# Alice in Wonderland



## csilvia9 (Mar 21, 2011)

Hi, I am about to start production on Alice in Wonderland with a middleschool theater group. I have a question. 
My director wants to stage Alice shrinking and growing. Does anyone have an idea how to do this. I was thinking of some kind of scrim with a shadow effect. If anyone has some ideas please let me know. I was also thinking of a scrim effect for the Cheshire cat as well. This will be my first time working with scrims. My budget is minimal but I do have a video projector at my disposal, and was thinking of that for some effects as well. If anyone has done Alice before please share your ideas.
Thank you
Christopher


----------



## MarshallPope (Mar 22, 2011)

Perhaps rather than shrinking Alice, you can grow everything around her? You could project this, or if you have the ability to paint a scrim, have the surroundings (not very familiar with the show) painted in normal scale on them and then fade through to the jumbo scale set behind (at least, this makes works in theory).


----------



## WideEyed (Mar 22, 2011)

Hey, we are actually about to open this show in my theater! What our set designer did for the doorway(the only part of our show where she changes sizes) is a video of it shrinking or growing. This works well enough, but then you also have to have it really specific for her lines and to have everything match up. Perhaps it would be better to have set pictures, and then video transitions between each.
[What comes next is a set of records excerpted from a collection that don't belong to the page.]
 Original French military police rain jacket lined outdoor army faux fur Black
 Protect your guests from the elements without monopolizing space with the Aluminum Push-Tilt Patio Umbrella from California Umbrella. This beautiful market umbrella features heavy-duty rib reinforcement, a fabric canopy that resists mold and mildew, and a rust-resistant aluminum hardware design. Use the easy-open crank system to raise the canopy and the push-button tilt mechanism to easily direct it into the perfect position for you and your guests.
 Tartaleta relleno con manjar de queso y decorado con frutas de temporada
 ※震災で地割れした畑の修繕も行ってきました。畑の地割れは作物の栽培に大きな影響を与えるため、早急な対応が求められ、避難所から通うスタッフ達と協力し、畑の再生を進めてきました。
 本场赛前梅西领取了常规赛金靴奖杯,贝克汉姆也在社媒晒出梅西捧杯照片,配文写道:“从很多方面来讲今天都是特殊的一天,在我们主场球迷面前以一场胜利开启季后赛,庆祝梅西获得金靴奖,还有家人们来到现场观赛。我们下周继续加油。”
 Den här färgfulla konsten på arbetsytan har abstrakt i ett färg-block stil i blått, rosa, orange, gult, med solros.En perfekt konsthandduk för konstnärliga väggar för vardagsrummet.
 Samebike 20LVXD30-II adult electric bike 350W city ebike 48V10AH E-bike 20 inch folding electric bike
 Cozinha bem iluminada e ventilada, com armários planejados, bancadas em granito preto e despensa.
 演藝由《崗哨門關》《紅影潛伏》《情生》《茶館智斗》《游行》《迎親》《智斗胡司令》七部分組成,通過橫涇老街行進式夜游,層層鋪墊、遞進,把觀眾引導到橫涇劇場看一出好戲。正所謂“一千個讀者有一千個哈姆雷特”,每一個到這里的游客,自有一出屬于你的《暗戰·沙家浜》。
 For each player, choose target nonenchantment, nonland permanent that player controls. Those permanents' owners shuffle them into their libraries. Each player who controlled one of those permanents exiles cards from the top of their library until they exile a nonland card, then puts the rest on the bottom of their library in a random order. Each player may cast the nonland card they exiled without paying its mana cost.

It would be a bit more time consuming and you would need to have someone with a remote to change the slides, but I think that would be a better option. 
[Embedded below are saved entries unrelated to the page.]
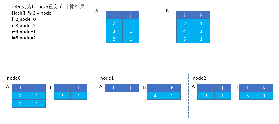 将两表按 join 的列,按 hash 特征重新分布到每个节点上。执行分布式的 join 时,如果各个执行节点的数据没有按照 join 列的特征进行分布,这个时候就会将数据进行 hash 重分布,具体操作如下: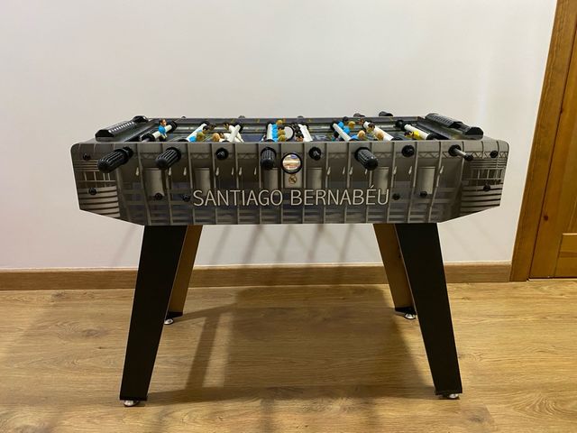 Detalles del productoEdición exclusiva. Futbolín con diseño del estadio Santiago Bernabéu y jugadores personalizados del Real Madrid.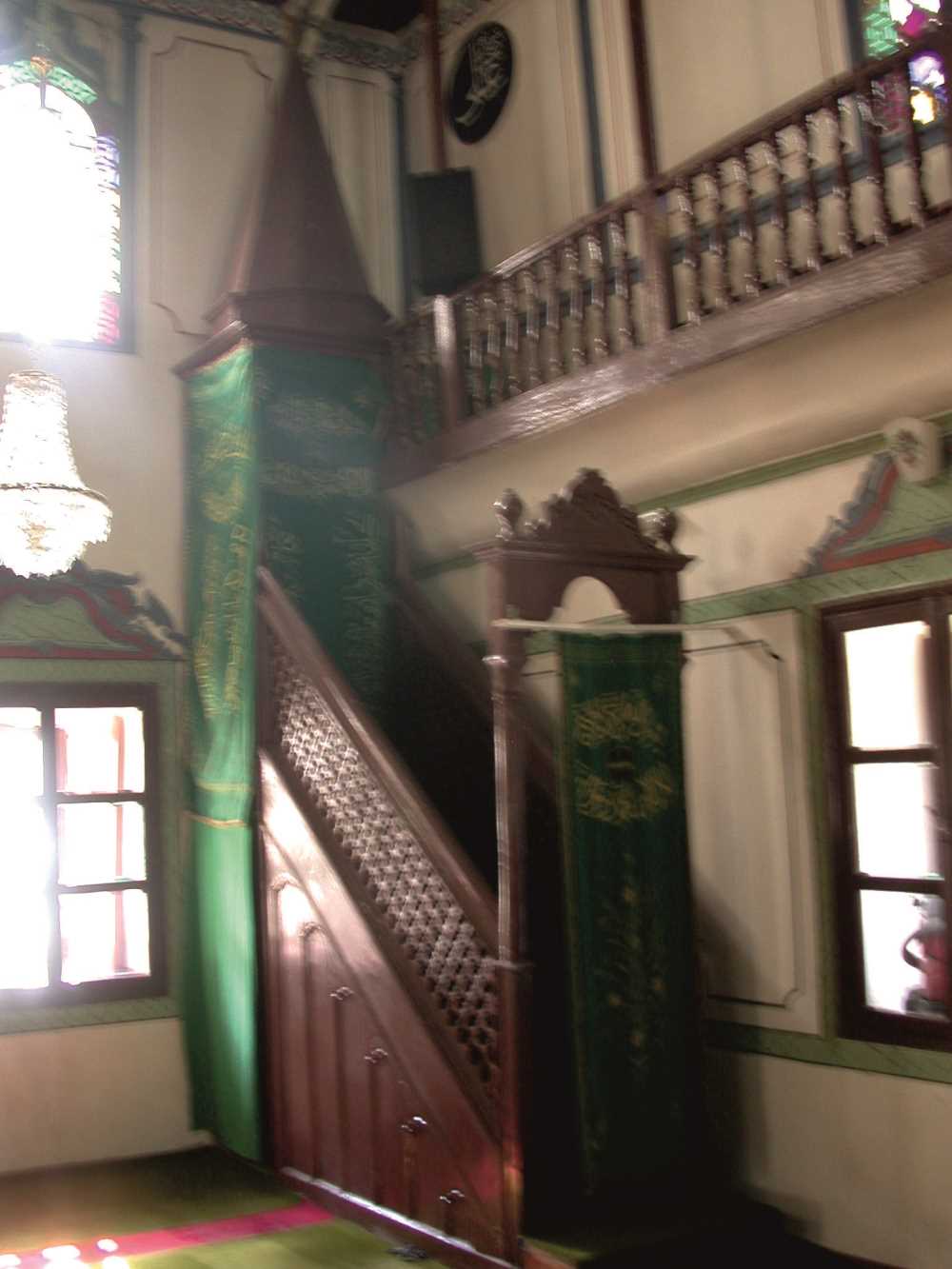 Yapıda ahşap ve kalem işi süslemelere rastlanır. Çift sıra kasetlenmiş tavanın orta kısmı, kare şeklindeki, kat kat profillerle çerçevelenmiştir. Bu profillerin üzeri oyma ve kalem işi, bitkisel ve geometrik motiflerle bezenmiştir. Tavan göbeğinin orta kısmında çam kozalağına benzer bir sarkıt bulunur. Minber, çok sadedir. Korkulukları kafes oyma tekniği ile yapılmıştır. Harimdeki en güzel ahşap süslemelerden birisi de vaiz kürsüsünde görülmektedir. Vaiz kürsüsü, Korinth başlıklı, “C” ve “S” kıvrımların oluşturduğu kemerli, 4 ağaç sütunçe üzerine oturan, yan yüzeyleri kasetleme tekniği ile yapılmıştır. Motifler “C” ve “S” kıvrımlı, geometrik, naturalist ve bitkisel motiflerdir. Kalem işlerinde en çok yaldız boya kullanılmıştır. Ayrıca duvarlarda ve bazı kemer alınlıklarında madalyon içlerine yapılmış yazı motifleri de dikkatimizi çeker.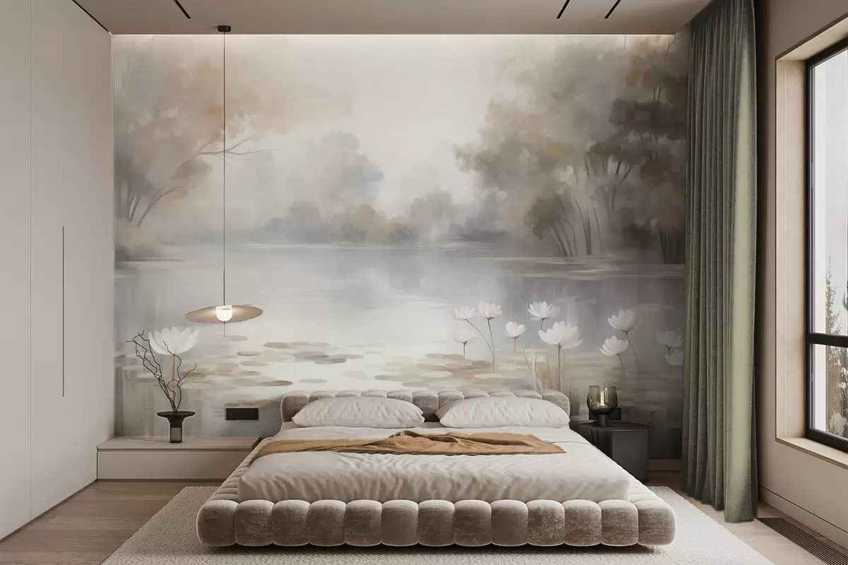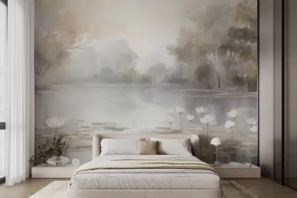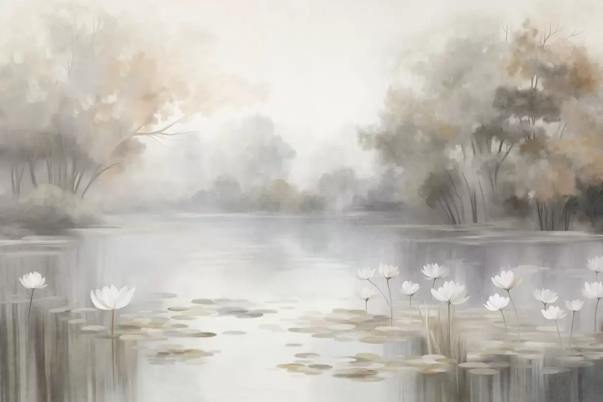 Fototapety Krajina s rozmanitým reliéfem, jezero s bílými lekníny, obklopené stromy v tlumených barvách Č. w09768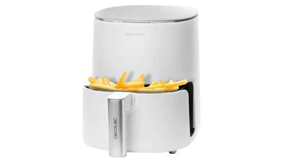 Se trata de una de las freidoras más vendidas en el mercado dadas sus dimensiones, funciones y resultados. Pese a no cocinar con aceite, su capacidad es amplia (2,5 litros) para cocinar grandes cantidades de alimentos. Incorpora pantalla digital, ocho modos preconfigurados y una temperatura que oscila desde los 80 hasta los 200 grados. Su potencia alcanza los 1.400 vatios y su color blanco pega en cualquier cocina.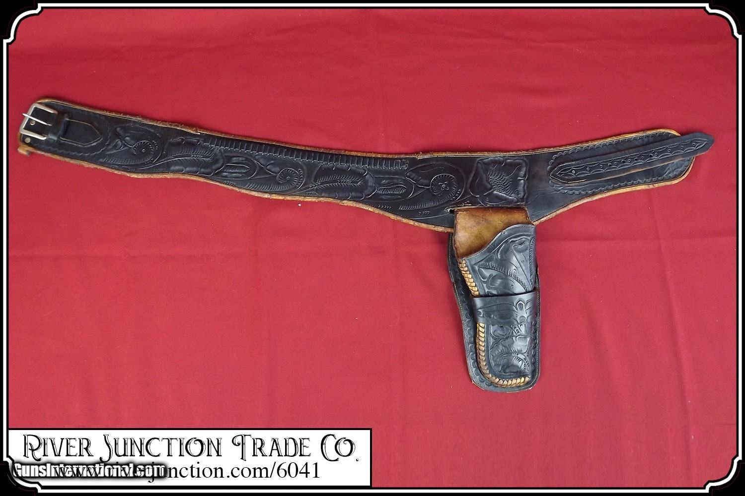 Description: Floral carved pattern holster for a 4 3/4 inch barreled Colt Single Action army revolver. Maker unknown, but very well produced and worthy of any famous B Western Movie Star. This right hand holster features beautiful hand carved floral styling throughout the belt and holster. Made of midnight black colored leather the rig is fully lined in the belt and holster. The piece has a gracefully re-curved throat profile for your Colt SAA or other revolvers of like size. 37 bullet loops in .22 caliber, along the top edge of the belt. All stitching is intact and tight. From the buckle to the center hole in the belt measures 37 inches. All the leather is fully alive and will give long use. The lining on the back has a tear see photo. Payment: Item, can be ordered on line with a credit card or paypal on our sight. Just Google (riverjunction) and type in the River Junction Trade Co. item number (6041) in the search box. Before you checkout you will see shipping cost and total. OR If you prefer: Pay by cash, postal money order, cashiers check, personal & business checks. We wait for checks to clear. We always answer questions and entertain offers. Have questions? Call me 563-880-4588. Jim SOLD |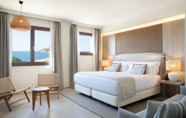Situé à l'extrême nord de la Sardaigne, à 1 h 15 de route de l'aéroport d'Olbia, ce resort, entièrement rénové en 2024, est posé au creux d'une baie protégée du vent et surplombe une plage bordée de maquis. Récemment labellisé Curio Collection by Hilton, il rassemble tous les atouts pour un séjour des plus agréables, grâce à ses équipements de loisirs et lieux de restaurations dédiés aux saveurs méditerranéennes.

As to the Cheshire Cat, we have two S4's with a very narrow vertical shuttercut on opposite sides of the stage. With the scrim down and all lights behind it save those off, only the parts of the cat in the light are shown, so the cat appears to be floating. It is really cool!


----------



## csilvia9 (Mar 25, 2011)

Thank you for your input. Getting some good ideas. I am going to try a test with the projector I have. I am not sure how sharp or bright of an image I can get. That's why I was thinking of doing just her shadow growing and shrinking.


----------



## csilvia9 (Mar 25, 2011)

WideEyed said:


> Hey, we are actually about to open this show in my theater! What our set designer did for the doorway(the only part of our show where she changes sizes) is a video of it shrinking or growing. This works well enough, but then you also have to have it really specific for her lines and to have everything match up. Perhaps it would be better to have set pictures, and then video transitions between each. It would be a bit more time consuming and you would need to have someone with a remote to change the slides, but I think that would be a better option.
> 
> Maybe I could achieve this with a power point type presentation so I can just click thorough the stages of the door transforming. Again depends on how well of an image I get with the projector I have. Thanks again. Would love to hear of some more effects you are using in your show!


----------